CRMLN: Cholesterol Reference Method Laboratory Network
The Cholesterol Reference Method Laboratory Network (CRMLN) is a network of highly specialized laboratories that work directly with manufacturers and laboratories to assess the analytical accuracy and precision of their tests. CRMLN provides reference measurement services to laboratories for measuring total cholesterol (TC), HDL-cholesterol (HDL-C), LDL-cholesterol (LDL-C), and total glycerides (TG). CRMLN laboratories have to meet stringent analytical performance criteria to ensure their measurements are sufficiently accurate and precise for evaluating these tests.
Network laboratories assess tests produced by manufacturers and laboratories for their analytical accuracy and precision. Tests and laboratories meeting established criteria for accuracy and precision are considered “CDC-certified,” and sufficiently accurate and precise for use in patient care. Lists of the clinical diagnostic products that have been certified through this process are updated regularly.
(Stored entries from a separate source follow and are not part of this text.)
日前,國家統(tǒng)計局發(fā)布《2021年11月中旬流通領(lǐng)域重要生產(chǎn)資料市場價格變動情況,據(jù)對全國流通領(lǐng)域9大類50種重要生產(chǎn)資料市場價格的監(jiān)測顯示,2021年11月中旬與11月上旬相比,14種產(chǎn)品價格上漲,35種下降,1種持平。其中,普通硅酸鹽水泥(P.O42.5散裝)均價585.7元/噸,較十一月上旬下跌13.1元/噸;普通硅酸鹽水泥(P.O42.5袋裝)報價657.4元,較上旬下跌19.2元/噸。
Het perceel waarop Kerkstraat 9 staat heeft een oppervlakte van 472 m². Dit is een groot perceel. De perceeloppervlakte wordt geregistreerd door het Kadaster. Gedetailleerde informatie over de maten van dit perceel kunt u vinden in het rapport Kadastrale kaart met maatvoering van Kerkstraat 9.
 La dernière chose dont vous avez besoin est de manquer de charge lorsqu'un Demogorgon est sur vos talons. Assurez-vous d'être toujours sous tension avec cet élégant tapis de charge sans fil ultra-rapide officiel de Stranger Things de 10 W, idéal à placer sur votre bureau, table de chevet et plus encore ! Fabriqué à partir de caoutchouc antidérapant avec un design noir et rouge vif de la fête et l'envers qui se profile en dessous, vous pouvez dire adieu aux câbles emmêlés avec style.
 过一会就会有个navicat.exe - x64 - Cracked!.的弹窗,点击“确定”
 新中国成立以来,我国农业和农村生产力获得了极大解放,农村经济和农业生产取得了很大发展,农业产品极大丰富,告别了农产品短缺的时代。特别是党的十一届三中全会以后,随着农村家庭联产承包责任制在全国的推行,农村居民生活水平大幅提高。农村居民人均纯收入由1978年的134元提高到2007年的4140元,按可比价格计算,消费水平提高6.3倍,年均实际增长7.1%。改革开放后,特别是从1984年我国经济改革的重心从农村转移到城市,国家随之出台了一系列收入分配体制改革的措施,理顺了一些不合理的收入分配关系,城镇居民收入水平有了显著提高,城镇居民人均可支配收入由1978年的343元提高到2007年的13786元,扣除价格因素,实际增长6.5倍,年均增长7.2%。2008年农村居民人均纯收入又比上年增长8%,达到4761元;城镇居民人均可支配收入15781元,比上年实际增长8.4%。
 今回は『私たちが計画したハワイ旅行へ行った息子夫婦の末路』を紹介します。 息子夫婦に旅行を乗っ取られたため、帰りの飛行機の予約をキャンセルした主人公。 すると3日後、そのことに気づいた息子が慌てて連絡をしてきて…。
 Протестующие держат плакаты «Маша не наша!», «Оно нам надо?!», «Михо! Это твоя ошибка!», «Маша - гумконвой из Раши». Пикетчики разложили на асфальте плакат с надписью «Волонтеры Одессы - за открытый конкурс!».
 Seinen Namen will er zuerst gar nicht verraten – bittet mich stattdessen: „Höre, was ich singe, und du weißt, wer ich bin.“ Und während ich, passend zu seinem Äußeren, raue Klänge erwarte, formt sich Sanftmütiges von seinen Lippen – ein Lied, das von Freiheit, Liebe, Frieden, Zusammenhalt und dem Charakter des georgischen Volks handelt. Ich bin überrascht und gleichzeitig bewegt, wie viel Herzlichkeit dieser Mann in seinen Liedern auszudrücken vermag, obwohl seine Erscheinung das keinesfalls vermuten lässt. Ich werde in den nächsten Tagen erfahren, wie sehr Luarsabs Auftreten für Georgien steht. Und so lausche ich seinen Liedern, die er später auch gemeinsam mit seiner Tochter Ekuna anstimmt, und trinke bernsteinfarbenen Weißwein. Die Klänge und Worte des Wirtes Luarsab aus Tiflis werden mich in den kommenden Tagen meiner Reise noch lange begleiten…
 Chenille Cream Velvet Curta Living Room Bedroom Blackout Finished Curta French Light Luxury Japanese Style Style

The Food and Drug Administration (FDA) has recognized the value of CDC’s Standardization Programs and work performed through CRMLN, and encourages manufacturers to be standardized to CDC.
What is the goal of certification through CRMLN?
The goal of certification through CRMLN is to ensure that users of tests for HDL-C, LDL-C, TC and TG produce sufficiently accurate and precise measurement results. These results are comparable to those used to derive current medical decision points for use in patient care. Therefore, health care providers can compare their patients’ results to current clinical decision points to consistently evaluate their health status, regardless of the test system used.
What are the reference methods used by CRMLN?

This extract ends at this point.